The numbers of rostral-GFP(+) cells and caudal-GFP(+) cells differentiating into neurons in vitro were quantified by counting cells displaying neuron-like shape with an extended axon of at least 40 µm. We randomly chose a 2.25 cm2 area in the culture cell dish to count cells (n = 6 at each examined time point).

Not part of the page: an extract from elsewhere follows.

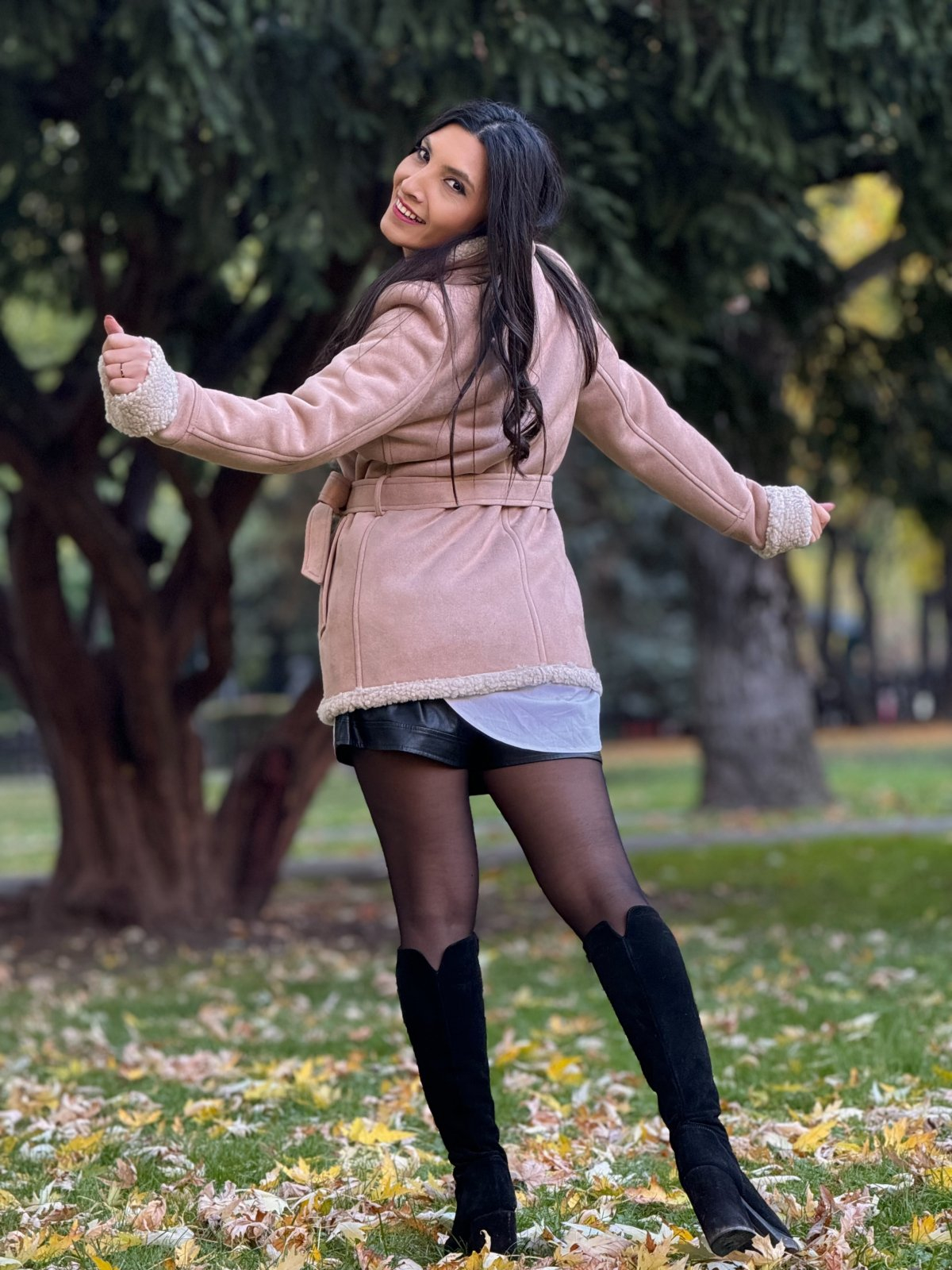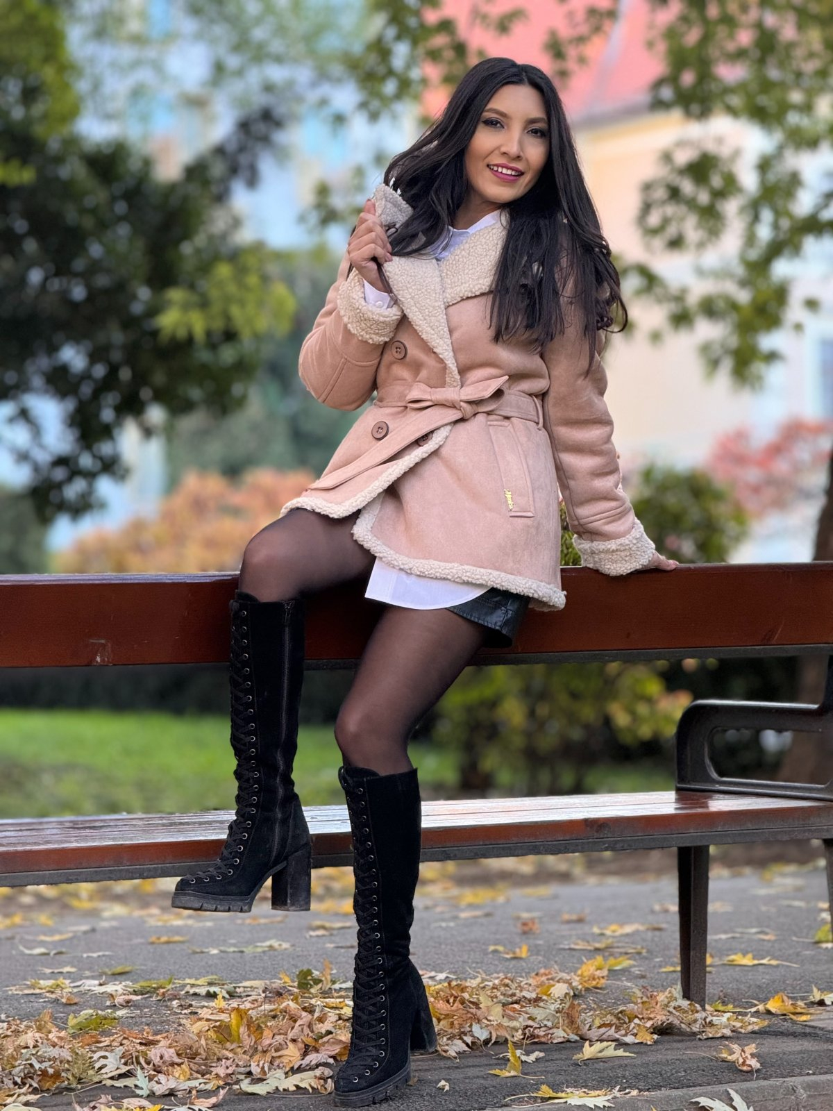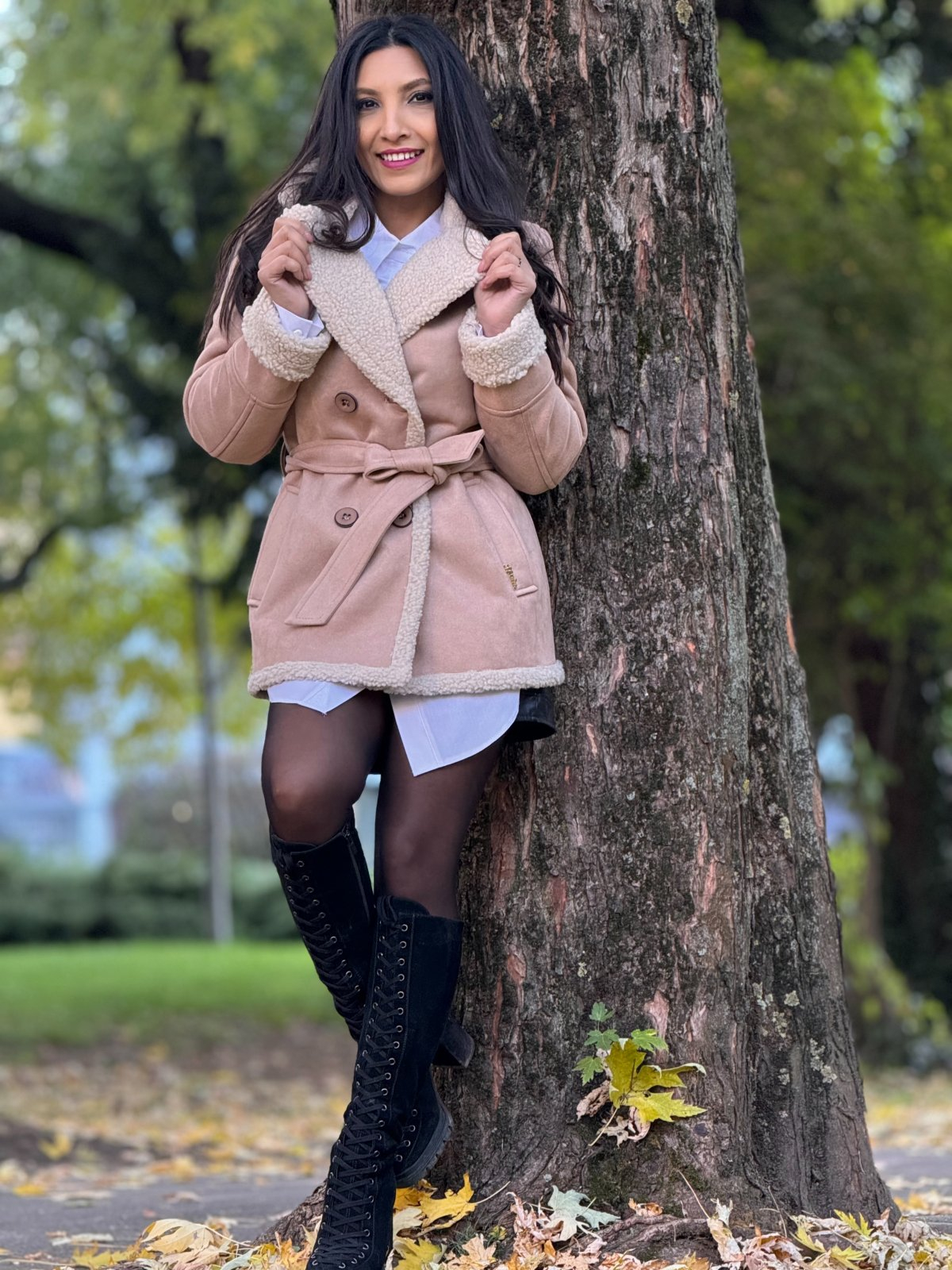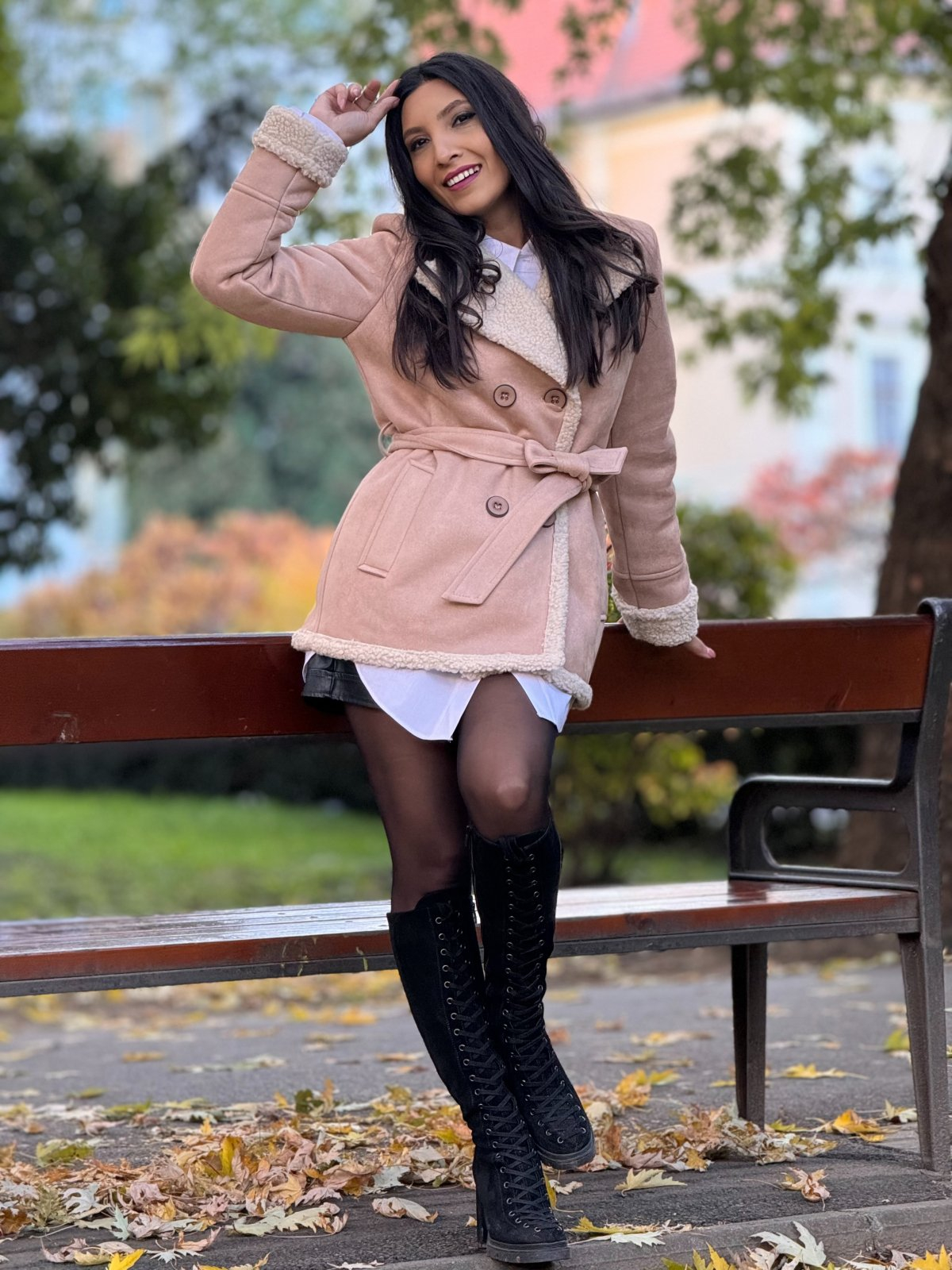 Toamna are un farmec aparte – aer răcoros, miros de frunze uscate și dorința de confort. Cojocul acesta scurt, cu buzunare mari și cordon în talie, este exact acea piesă care îmbină eleganța cu căldura. Bejul său cald se potrivește perfect cu nuanțele sezonului și oferă un look sofisticat, dar relaxat.

Neuronal extension measurements

We randomly selected 10 zebrafish from each group after lesser ablation of SrRCs at 54 hpi. Under 400-fold magnification of images (Zeiss LSM 780), we measured the length of axons using the algorithm in NeuronJ, which is an ImageJ software plugin, following the method described by Meijering et al. [64]. Briefly, each image was converted to an 8-bit tiff image, followed by tracing using the automated function in NeuronJ. The length of axons from rostral- and caudal-SrRCs was measured. In total, ten embryos were chosen to measure the length of extended axons, and an average was struck from these ten samples.

Statistical analysis

Unless otherwise indicated, each experiment was repeated at least three times. Animals were randomly assigned to different experimental groups, but no formal method of randomization was used. We used one-way ANOVA, followed by Dunn's multiple comparison test, or two-way ANOVA, followed by Student's t-test, for comparisons. Significance was determined at p value as indicated in the figure legends.